Ему хотелось произвести на княжну самое лучшее впечатление, он рассказывал ей о самых значительных операциях отделения, в которых, разумеется, принимал самое непосредственное, если не сказать решающее, участие. Под величайшим секретом Николай Николаевич сообщил сотруднице о некоторых предстоящих акциях контрразведки, поделился мыслями о нынешней обстановке на фронте.
Из его слов выходило, что войска адмирала в ближайшее время сдадут Челябинск, Троицк и Курган, и если бы Верховный правитель и Верховный главнокомандующий был поумнее («простите мне мое амикошонство!»), он давно бы эвакуировал эти города. Вельчинскому был известен в общих чертах какой-то план Колчака, желающего устроить в Челябинске капкан красным.
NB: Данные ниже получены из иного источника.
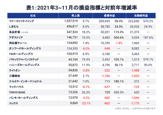 本稿の調査対象は2月期・5月期・8月期決算の主要アパレル企業16社の2021年3~11月における決算。決算短信を基に売上高、営業損益、当期純損益をまとめたのが表1だ。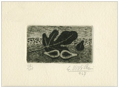 GIUSEPPE VIVIANI 1898 - 1965 Foglie e fichi 1947 Acquaforte su rame acciaiato es.28/325. Firma e data in b. a d. (8,6 x 11,2 foglio - 3 x 5,4 inc.) Lastra biffata. Opera facente parte della cartella “Sei incisioni di Giuseppe Viviani” con presentazione di Libero De LIbero, “All’insegna del Pesce d’Oro”, Milano, 1947. Tiratura: 325 es. numerati e firmati + 2 es. contrassegnati dalle lettere A e B + qualche es. di prova firmato su vari tipi di carta. Pubbl.:“Viviani Opera Incisoria Catalogo Generale” cat. a cura di Nicola Micieli, Editore Bandecchi & Vivaldi, Pontedera, 1998, tav.87, p.193.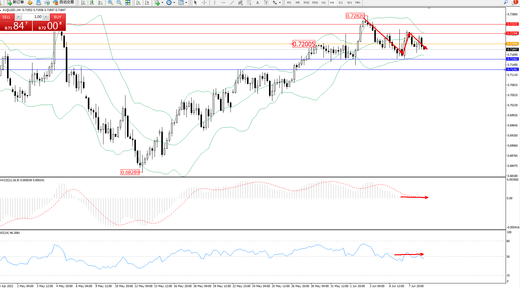 交易策略:0.72005下方看跌,目标0.71562、0.71261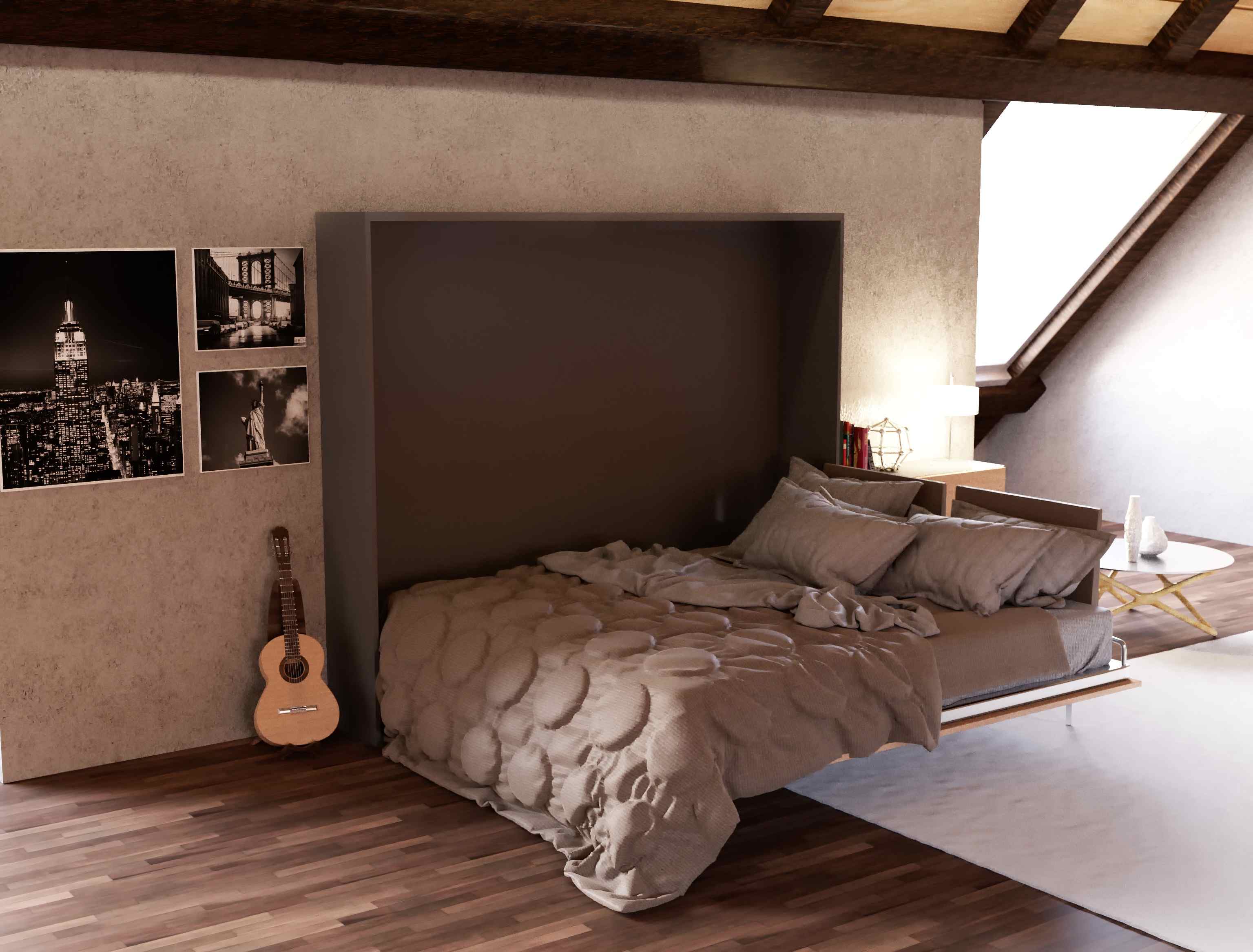 Modello Ugo Maxi 2 piazze francese 1. Mobile letto a scomparsa salvaspazio maxi 2 piazze francese con apertura orizzontale. 2. La facciata del mobile letto è composta da due pannelli di legno posti in orizzontale. 3. La struttura del mobile viene realizzata in legno cippato classe E1, rivestito con una lamina di legno Materico, Nobilitato, oppure con una lamina colorata in Ecolac con effetto cera, disponibile in diverse varianti di colore. Questo tipo di legno oggi trova facile applicazione perchè è un prodotto robusto, affidabile ed è a garanzia dell’ambiente in quanto esente da vernici e solventi. 4. Il mobile letto a scomparsa mod. Ugo Maxi 2 piazze francese dispone di un programma di componibilità che comprende elementi strutturali di profondità maggiorata. Tale programma ci consente di realizzare pareti attrezzate di dimensioni e forma idonee a soddisfare ogni nostra esigenza di spazio di cui: colonne libreria, colonne armadio, sopralzi, ecc. 5. Il mobile letto mod. Ugo Maxi 2 piazze francese viene prodotto 100% in Italia e distribuito in tutta Europa dalla Notti Blu. 6. Le dimensioni del mobile letto chiuso sono: L 214,5 x P 42,6 x H 162,3 cm. 7. Le dimensioni del mobile letto aperto sono: L 214,5 x P 191 x H 162,3 cm. 8. Le dimensioni della rete sono: L 150 x 205 cm. 9. La struttura della rete è costituita da un telaio di ferro verniciata al forno con polveri epossidiche atossiche come da normativa di legge. La base d’appoggio del materasso è a doghe di faggio stagionato con rinforzi al centro delle due piazze per consentirne l’uso unitamente a un materasso adeguato anche a persone che pesano oltre 120 kg, le cosidette “TAGLIE FORTI”. 10. Il movimento del letto è dato da uno speciale sistema d’apertura e chiusura servoassistito da pistoni a gas che garantisce estrema sicurezza ed elevata affidabilità. Quando il letto viene aperto il suo movimento è a “LENTO RILASCIO” vale a dire che si apre molto lentamente fino a raggiungere la posizione orizzontale di un normale letto. Quando invece dobbiamo chiuderlo è sufficiente la forza di un bambino per fare si che esso si solleva e si va a posizionare dentro il mobile letto e scompare. 11. La rete è corredata di cinghie elastiche ferma materasso necessarie a mantenere in ordine il riassetto quotidiano del letto anche quando questo viene chiuso, in questo modo possiamo disporre di un letto sempre pronto per andare a dormire. 12. Le dimensione del materasso sono L 140 x 195 x H max 25 cm + coperte. (Optional) 13. Per la scelta del materasso consultare la guida: MATERASSI CONSIGLIATI 14. A questo mobile letto a scomparsa è possibile inserire due plafoniere con luci led molto utili soprattutto per chi ha la necessità di alzarsi dal letto durante la notte (Optional). 15. Viene fornito completamente smontato per essere trasportato in qualsiasi luogo (mansarde, piani alti, seminterrati, ecc.). 16. E’ obbligatorio il fissaggio al muro. 17. Garanzia: La ditta Notti Blu garantisce questo prodotto per 2 anni. 18. Gli elementi: Libreria, Armadiature, Sopralzi, Accessori, Materasso, Testata reclinabile, Luci Led, ecc. sono “Optional” 19. Il prezzo si riferisce al solo mobile letto a scomparsa, sono esclusi tutti gli elementi opzionali. 20. Dove è previsto vengono indicate anche le misure e il prezzo dell’intera composizione.

Но ежели княжна хочет знать его, Вельчинского, мнение по этому поводу, то «поверьте мне, голубушка! — в ловушку попадем мы сами — как муха в патоку!».
Он пьяно повторялся, говорил одно и то же, точно испорченная граммофонная пластинка, но княжна слушала его внимательно, и это льстило Николаю Николаевичу.
Опасаясь, что Урусова может заподозрить его в желании покрасоваться, офицер приводил доказательства и факты.
За окнами, прикрытыми решетчатой сталью, уже разливался рассвет, и Юлия Борисовна наконец встала из-за стола.
— Право, вся эта проза надоедает и на службе.
Вельчинский озадаченно посмотрел на Урусову, вздохнул.
— Мне показалось, вам интересно. Что ж не остановили меня?
Женщина решила, что зря обидела кавалера, и попыталась исправиться.
— Я — вечная задируха, Николай Николаевич. Не обращайте внимания!
Вельчинский, тотчас повеселев, механически наполнил стакан, выпил и продолжал сидеть. Но княжна проворчала недовольно:
— Идемте, ей-богу. И так мы задержались сверх меры. Нам могут попенять за это.
— А-а, черт с ним, с Крепсом! — хмельно отозвался офицер. — Но вы, как всегда, правы. Надо уходить.